Converting VR hand and arm data into robot joint angles

Detailed Description

I am using Vuer to transmit hand and arm data from a VR headset into Isaac Sim, but I am not sure how to convert this data into robot joint angles. I am looking for reference methods or examples to perform inverse kinematics calculations for the arm and hand, in order to correctly control the robot arm in Isaac Sim.

Steps to Reproduce

  1. Configure Vuer and the VR headset.
  2. Receive hand and arm data in Isaac Sim.
  3. Attempt to convert the data into robot joint angles (currently unsure how to do this).
  4. Send the resulting actions to the robot joints (already implemented)

Expected Behavior
I hope to get suggestions or example code for converting VR finger data into robot joint angles.

Actual Behavior
Currently, I don’t know how to perform the conversion from data to joint angles.

Hi.

I had no experience with Vuer,
but in my case, I had used Vive Pro 2 HMD and Vive Tracker, and senseglove which is dataglove with 4 encoder/finger.

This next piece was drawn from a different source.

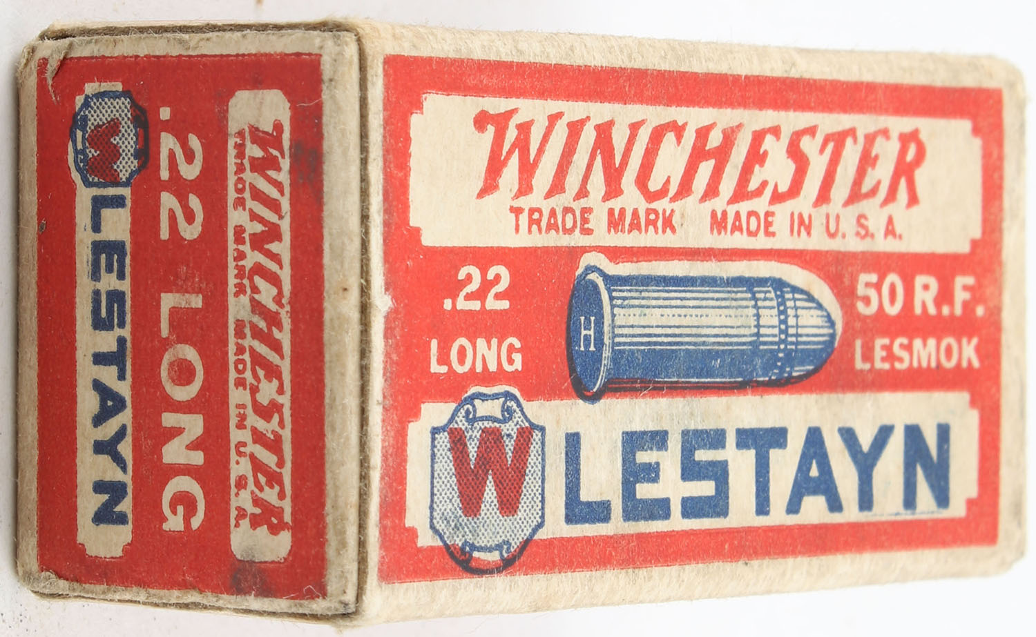 Winchester, Lestayn, .22 Long, RHWeb: WRA-13.5 L-1, Full, 1pc. Red white & blue box, box is solid with very good to excellent color, very minor age soiling & shelf wear, minor corner wear, edges are mostly crisp, end flaps are solid, ammo is very good. Grade: Very Good ++ - Value: 70 to 100

My best suggestion is simply to transfer the TF of the Vive Tracker into the targetcube followtarget example– the specific requirement might be different, but I think this is a good point to synchronize VR device and IsaacSim.

Okay, thank you for your advice. I will give it a try.

Hi @qwert10318520,

As @PARKBONG suggested, the general approach is:

  1. For the arm: Use the VR controller/hand position as an IK target. Isaac Sim provides motion generation (Lula IK / RMPflow) to solve joint angles from a Cartesian end-effector target. The follow_target example demonstrates this workflow —
    feed the VR wrist pose as the target and the IK solver computes joint angles automatically.
  2. For the hand/fingers: VR hand tracking gives you finger joint angles (or fingertip positions). For a dexterous hand, you can either:
    • Direct joint mapping — if the robot hand has similar kinematics, map VR finger angles directly to robot finger joints (with scaling)
    • Fingertip IK — use the fingertip positions as IK targets for each finger chain

The typical pipeline is: VR data → Cartesian pose → IK solver → joint angles → apply_action().

Closing this out since the approach was discussed. Feel free to open a new topic if you run into specific issues during implementation.